Information shown:
==========
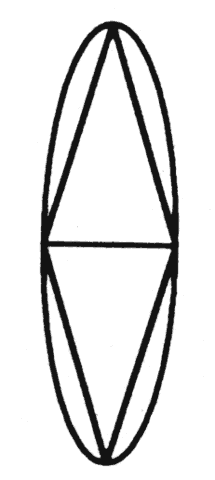 It is also classic teaching to say that a cylinder gives a line image. However, an image is a point-to-point correspondence. A cylindrical lens spreads light from a point source into a line; this is a severe form of aberration called astigmatism. Literally, astigmatism means not stigmatic. However, many aberrations are not stigmatic, so the term is not very descriptive. Place a + 9.00 D cylinder axis horizontal directly behind a + 4.00 D axis vertical cylinder and image a candle. Not surprisingly, the “image” is a horizontal line close to the lenses and a vertical line farther from the lenses. Both lines cannot be seen on the paper simultaneously; it is necessary to move the paper back and forth between the two lines. The location of each line can be calculated by use of vergence. If the candle is 1 m (-1.00 D) from the lenses, the + 9.00 D cylinder gives a horizontal image + 8.00 D (12.5 cm) behind the lenses. The + 4.00 D cylinder gives a vertical line + 3.00 D (33 cm) behind the lenses. Move the screen and explore the region between the two line images. Starting at the vertical line and moving toward the lenses, the image becomes an ellipse with the long axis vertical. As the screen moves forward, the ellipse gets rounder, becoming a circle about midway between the lines. Moving farther forward, the image becomes an ellipse with the long axis horizontal. Moving the screen farther forward, the ellipse elongates until the image becomes a horizontal line. The region between the lines is the conoid of Sturm, and the circle is the circle of least confusion (Fig. 73).
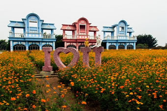 三座粉、藍(lán)相間的巨型迪斯尼風(fēng)格門樓,一片橙色的仙女花在陽光恬靜地流敞著。七個巨型的氣球“串”綻放繽紛色彩,邊上還圍著精美的花柱。香格里拉,正如其名,有著一種永恒、和平、寧靜的 “世外桃源”。
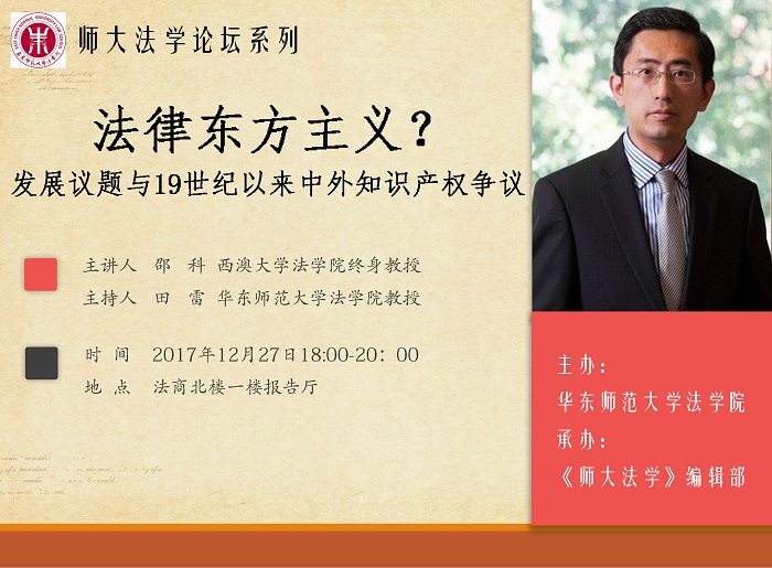 讲座预告|法律东方主义?--发展议题与19世纪以来中外知识产权争议
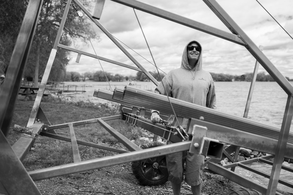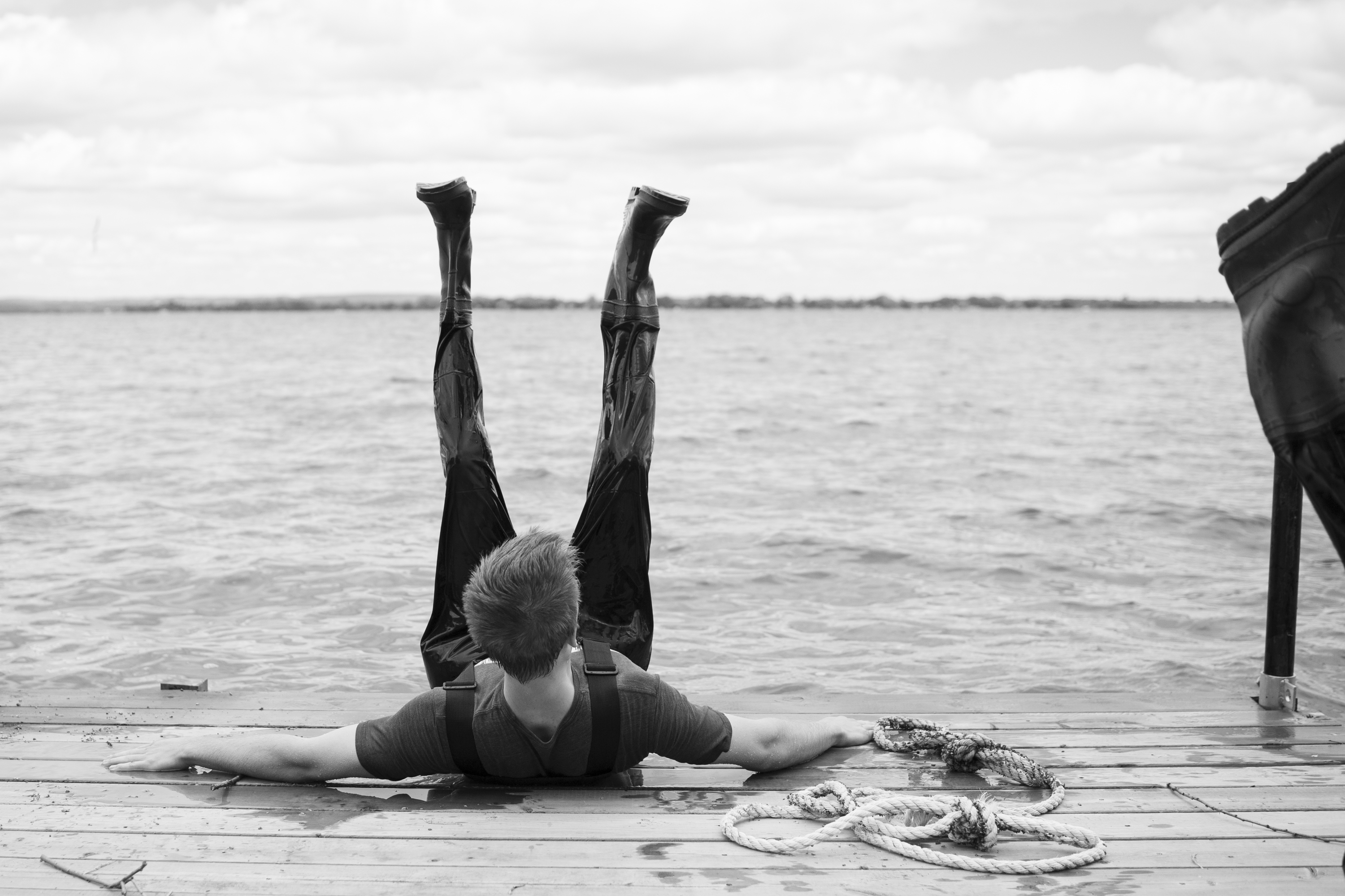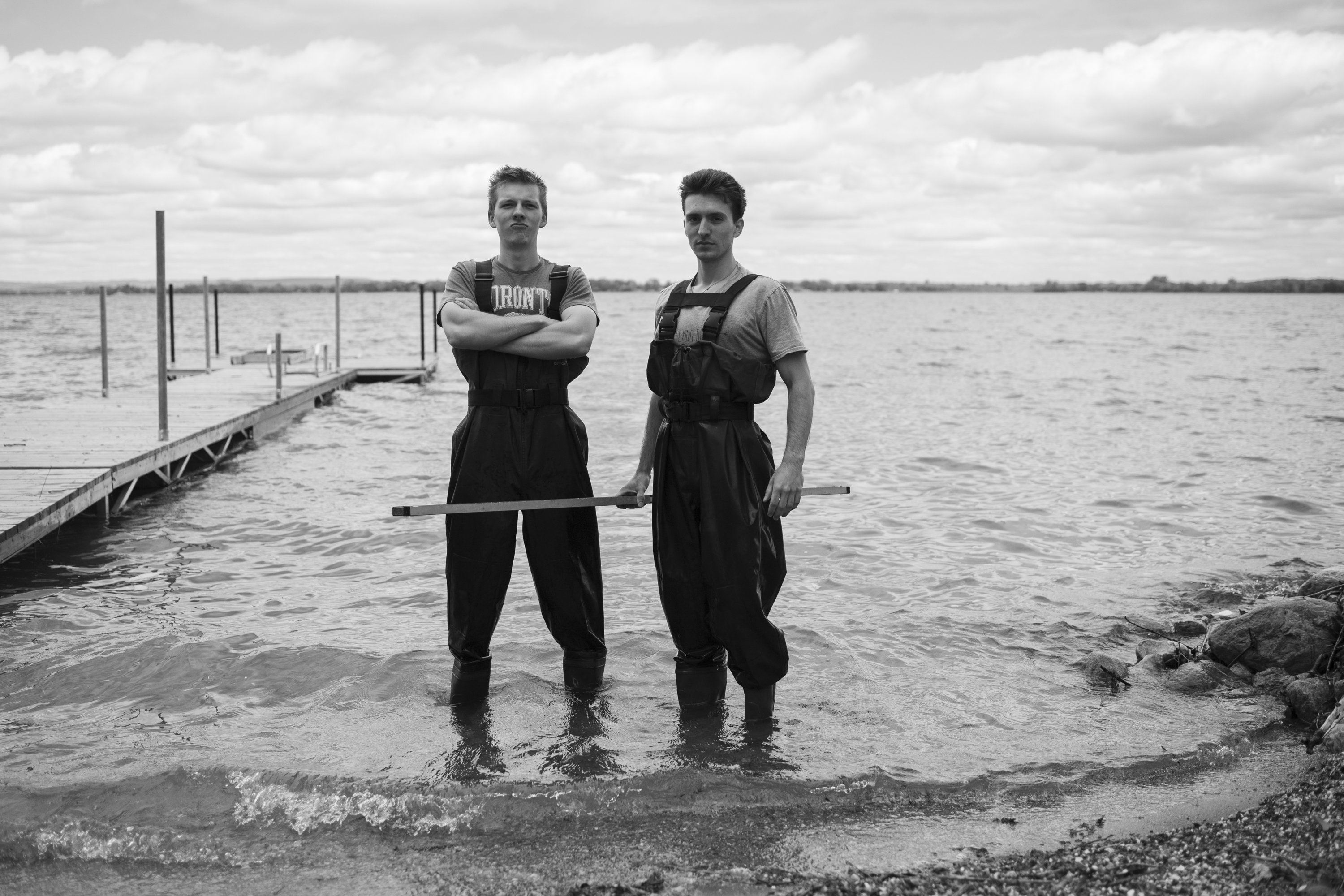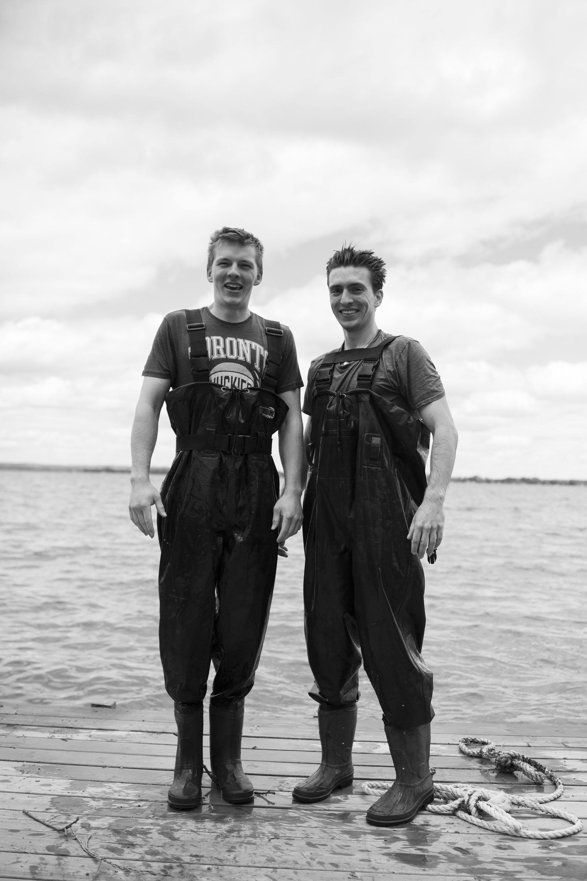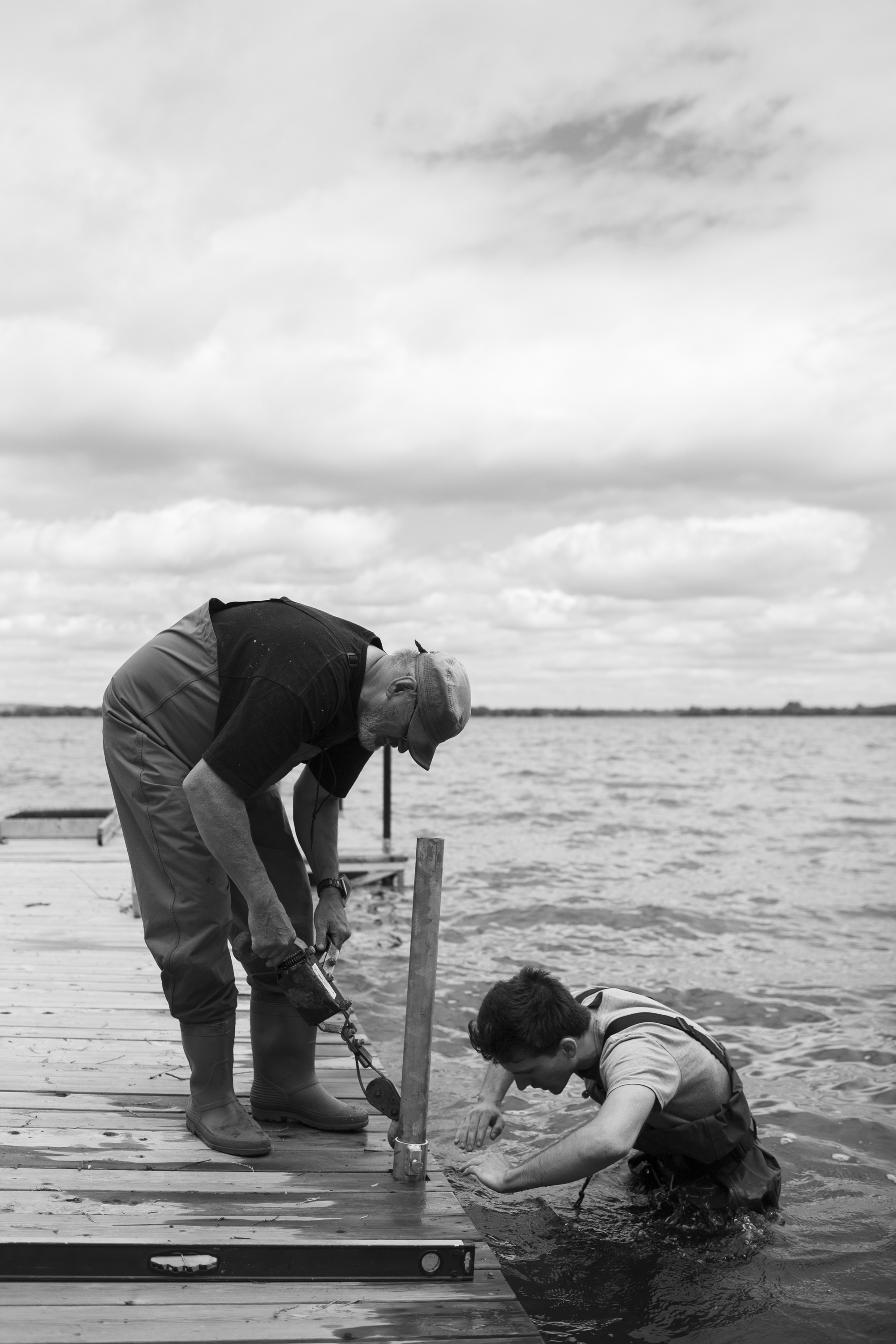 The boys hard at work putting the dock in.
==========
Work instructions: Repeat the data word for word, excluding any image.

Response to this exercise:
 It is also classic teaching to say that a cylinder gives a line image. However, an image is a point-to-point correspondence. A cylindrical lens spreads light from a point source into a line; this is a severe form of aberration called astigmatism. Literally, astigmatism means not stigmatic. However, many aberrations are not stigmatic, so the term is not very descriptive. Place a + 9.00 D cylinder axis horizontal directly behind a + 4.00 D axis vertical cylinder and image a candle. Not surprisingly, the “image” is a horizontal line close to the lenses and a vertical line farther from the lenses. Both lines cannot be seen on the paper simultaneously; it is necessary to move the paper back and forth between the two lines. The location of each line can be calculated by use of vergence. If the candle is 1 m (-1.00 D) from the lenses, the + 9.00 D cylinder gives a horizontal image + 8.00 D (12.5 cm) behind the lenses. The + 4.00 D cylinder gives a vertical line + 3.00 D (33 cm) behind the lenses. Move the screen and explore the region between the two line images. Starting at the vertical line and moving toward the lenses, the image becomes an ellipse with the long axis vertical. As the screen moves forward, the ellipse gets rounder, becoming a circle about midway between the lines. Moving farther forward, the image becomes an ellipse with the long axis horizontal. Moving the screen farther forward, the ellipse elongates until the image becomes a horizontal line. The region between the lines is the conoid of Sturm, and the circle is the circle of least confusion (Fig. 73).
 三座粉、藍(lán)相間的巨型迪斯尼風(fēng)格門樓,一片橙色的仙女花在陽光恬靜地流敞著。七個巨型的氣球“串”綻放繽紛色彩,邊上還圍著精美的花柱。香格里拉,正如其名,有著一種永恒、和平、寧靜的 “世外桃源”。
 讲座预告|法律东方主义?--发展议题与19世纪以来中外知识产权争议
 The boys hard at work putting the dock in.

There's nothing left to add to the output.